- Data shown:
§

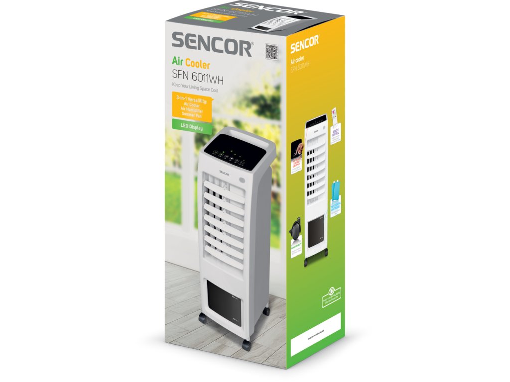 Ochlazovač vzduchu SENCOR SFN 6011WH 3v1 kombinuje funkce ochlazovače, zvlhčovače a ventilátoru. Nabízí 3 rychlosti, 3 režimy, dálkové ovládání, časovač a 6l nádržku na vodu.
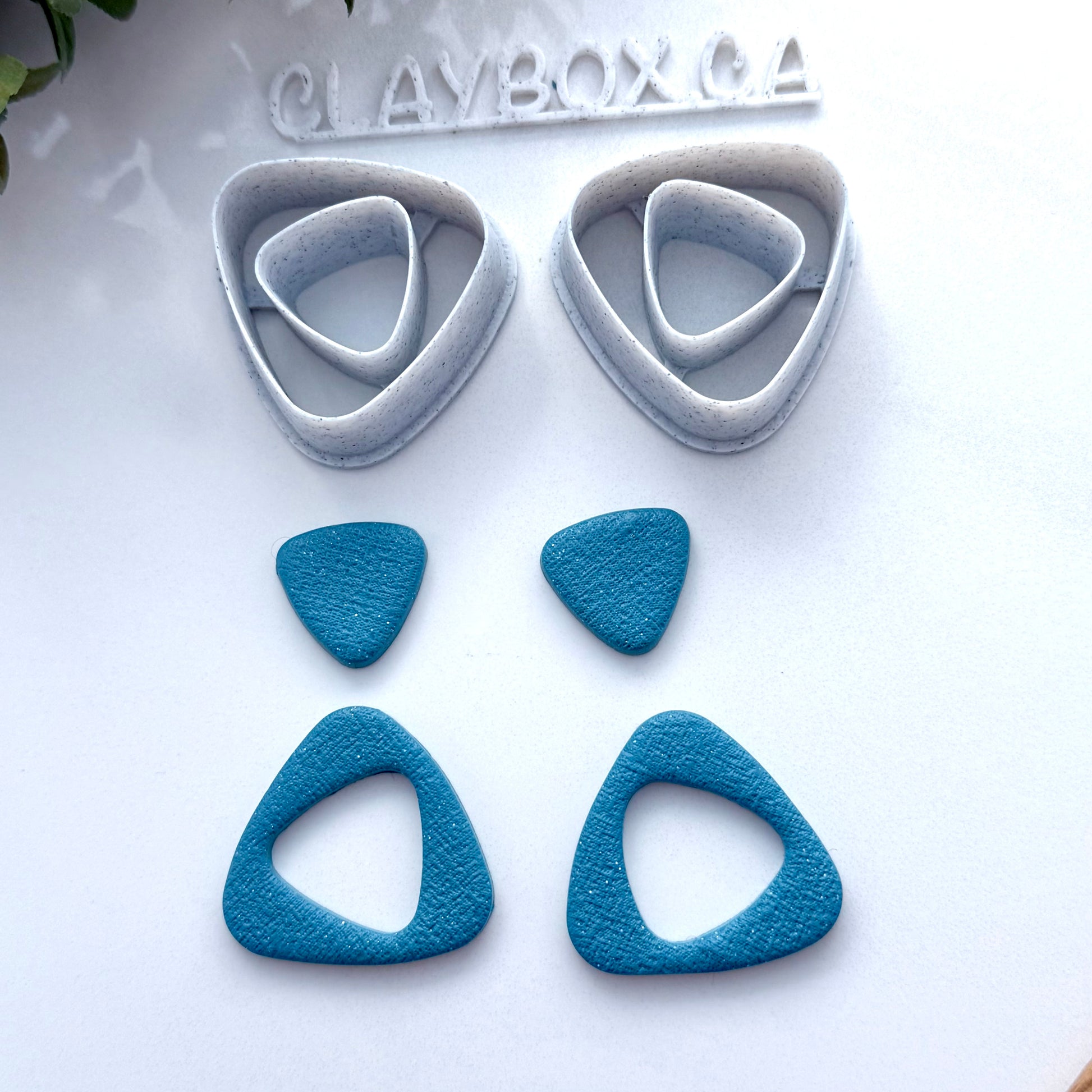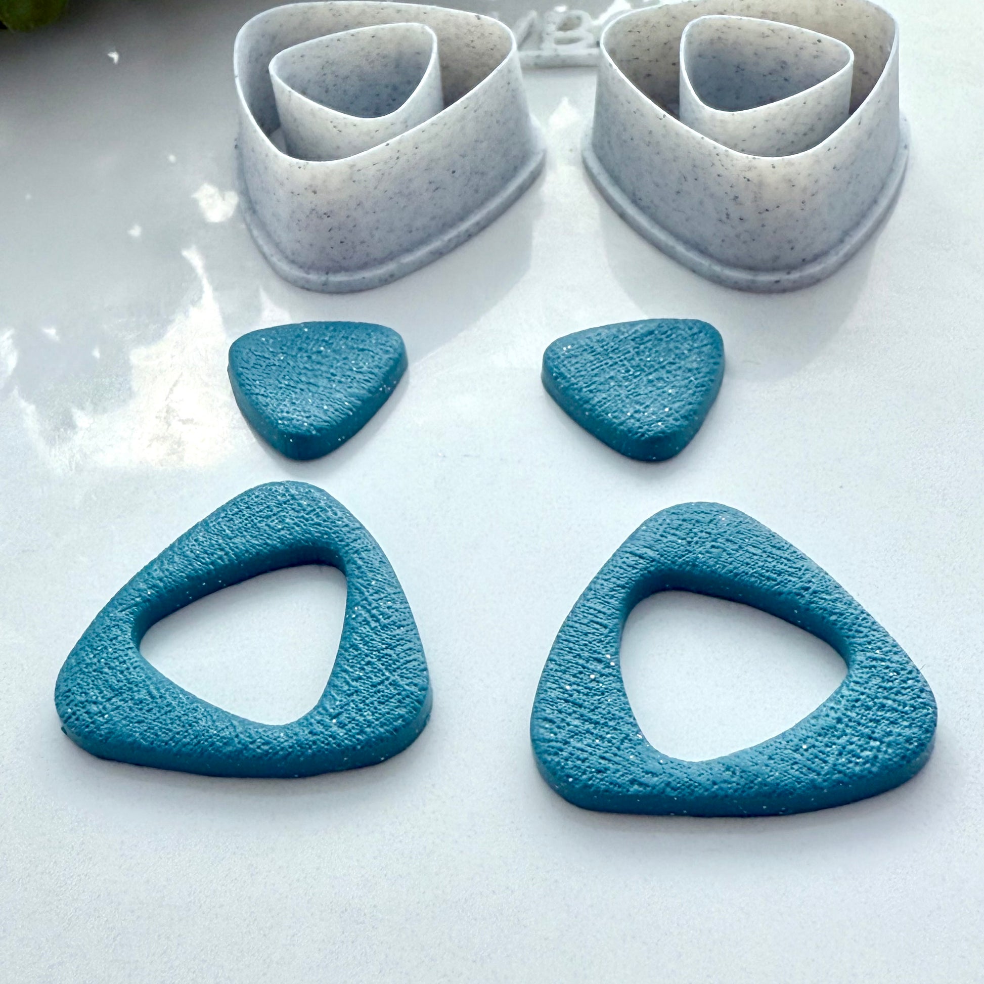 Create striking, modern polymer clay earrings with this twisted triangle donut cutter pair. Designed for clean, professional results, this cutter creates a unique geometric cutout shape. Ideal for statement earrings, layered looks, or mixed media pieces.
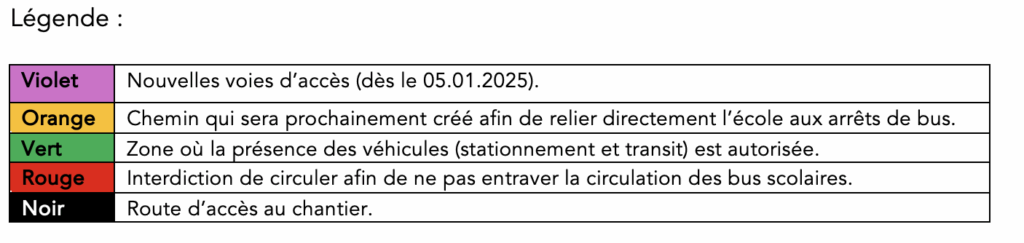 Par ailleurs, nous vous présentons ci-dessous les nouveaux chemins d’accès à emprunter dès le 05.01.2026 pour se rendre à l’école de La Roche, que ce soit dans le nouveau bâtiment ou dans l’ancienne bâtisse. Ces nouvelles voies d’accès permettent d’éviter la traversée du chemin menant au chantier. Tous les élèves, y compris celles et ceux utilisant le bus scolaire, pourront désormais passer le long de la halle de gym pour rejoindre l’école.
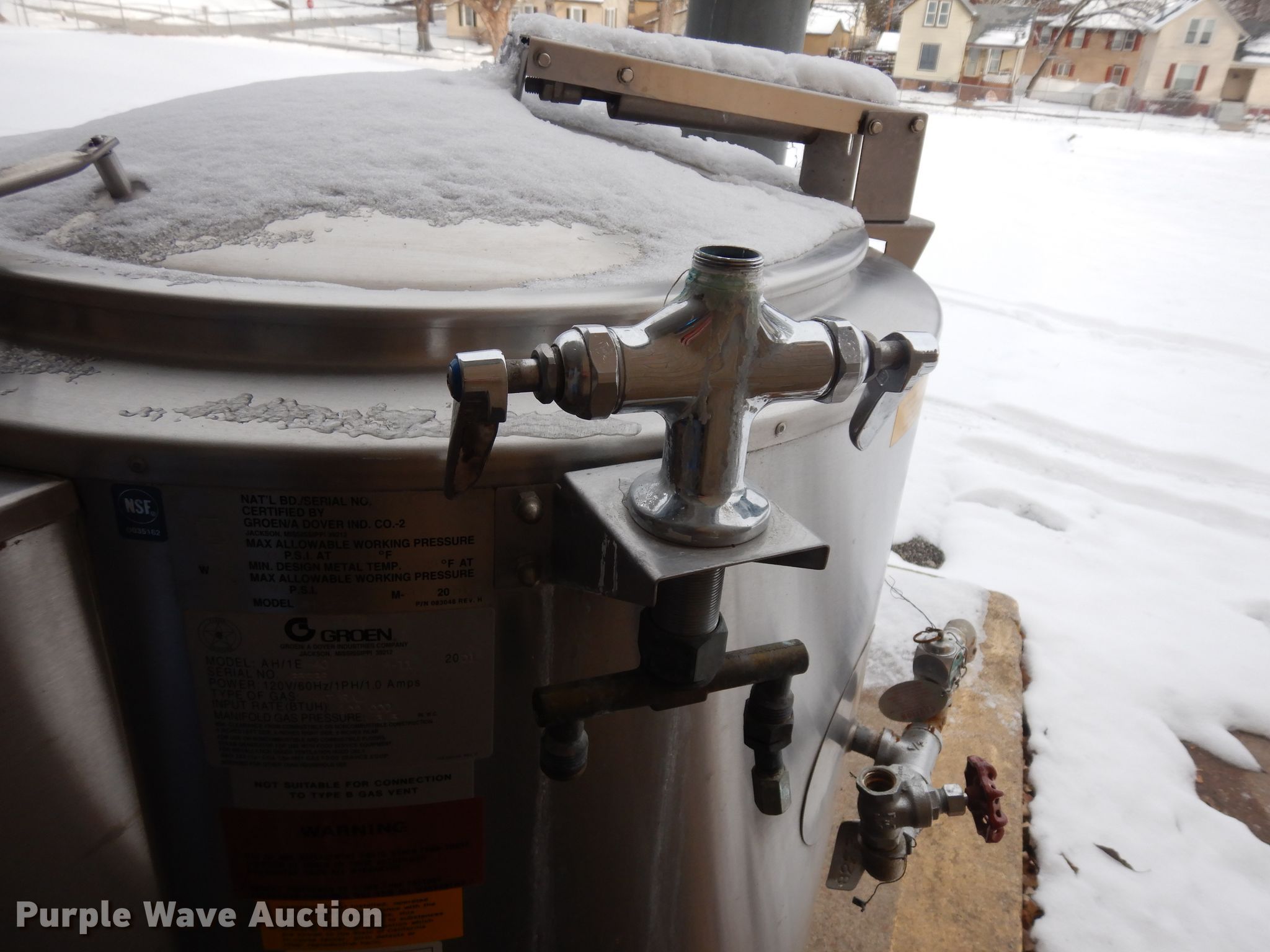 Purple Wave is selling a used Appliances in Iowa. This item is a Groen AH/1E-40 stainless steel kettle cooker with the following: 115V, Single phase, Natural gas

§

- Work instruction: Give back exactly the lines from the opening of the listing through the line holding "Create striking, modern", both ends included, with every picture omitted.

- Answer for this exercise:
 Ochlazovač vzduchu SENCOR SFN 6011WH 3v1 kombinuje funkce ochlazovače, zvlhčovače a ventilátoru. Nabízí 3 rychlosti, 3 režimy, dálkové ovládání, časovač a 6l nádržku na vodu.
 Create striking, modern polymer clay earrings with this twisted triangle donut cutter pair. Designed for clean, professional results, this cutter creates a unique geometric cutout shape. Ideal for statement earrings, layered looks, or mixed media pieces.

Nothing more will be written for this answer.